At the core of both the new and old is a goal that needs achievement.
For me I make new year resolutions just like almost everyone, but a large percentage of the time I'm not really worried or serious about them.
The only time I'm seriously worried about how much I've achieved is whenever It's getting close to my birthday(about a month or so). It's almost as if as the days countdown, I can hear the clock ticking towards it.
I then begin to remember that in a few weeks I'll no longer be X years, but X+1 years. It's a nice feeling knowing you survived to celebrate another one, but you suddenly start to remember all the things you wanted to make time for which you didn't.
I enjoy my birthdays even though lately I don't go out, but just stay home, eat and play games.
I've noticed this for about five to six years now that the days before my birthday is what gives me anxiety, so I try fill in the days with things to do.
My birthday is coming up next month and I'm currently in my hometown visiting and spending time with family. It's funny because over the years I've discovered it's the one place that I can be free and easily let go.
I'm not an outgoing person so a lot of times I spend my free time indoors, reading and playing games. But my hometown is the one place where I hardly stay indoors, because everything seems different.
There's a lot to do, things to see.

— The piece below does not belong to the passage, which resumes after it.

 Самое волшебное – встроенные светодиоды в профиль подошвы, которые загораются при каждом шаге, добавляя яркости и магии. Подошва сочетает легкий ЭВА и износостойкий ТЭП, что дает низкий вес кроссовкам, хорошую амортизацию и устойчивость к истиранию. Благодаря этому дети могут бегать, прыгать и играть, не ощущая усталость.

Almost every month there's always a masquerade celebration and it's perhaps one of the most fun thing about my visits.
This time around a new king was recently crowned and they declared a nine month celebration for the masquerades (crazy right).
Even though I'm deathly scared of the masquerades and their long canes(lol, I know I should be embarrassed admitting this), it's still fun watching them from a safe distance.

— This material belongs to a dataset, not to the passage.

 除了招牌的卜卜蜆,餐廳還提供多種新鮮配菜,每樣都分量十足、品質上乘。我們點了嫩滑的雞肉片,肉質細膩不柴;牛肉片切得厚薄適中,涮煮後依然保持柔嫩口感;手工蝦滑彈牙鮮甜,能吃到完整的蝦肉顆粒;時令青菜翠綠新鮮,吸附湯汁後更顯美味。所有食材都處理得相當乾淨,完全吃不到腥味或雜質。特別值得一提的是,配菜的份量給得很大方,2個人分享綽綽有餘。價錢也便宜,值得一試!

If I'm not watching the masquerade dance or taking a walk, I'll probably be at the football field having fun with the guys.
I'm not sure about you, but there's really no time to be feeling down with so much fun happening around me.
On the other hand it would've been a completely different scenario if I was at my base where I live and not my hometown.
The only three things that seem to work then are reading, gaming and eating an unusual amount of food.
Reading is something I do of the time, so it's actually gaming and food that helps me deal with emotional stress.
They say the way to the heart of an African man is through his stomach and through good food, and I believe this to be true.
What African man would say no to a big bowl of pounded yam and egusi soup? If he still says no, then his problem doesn't have a solution.
Many times when I'm down I simply go on a night out with my guys, get some good food, engage in banter, and by morning I'm in a good mood again. It's probably one of the only times I consider going out to have fun at night.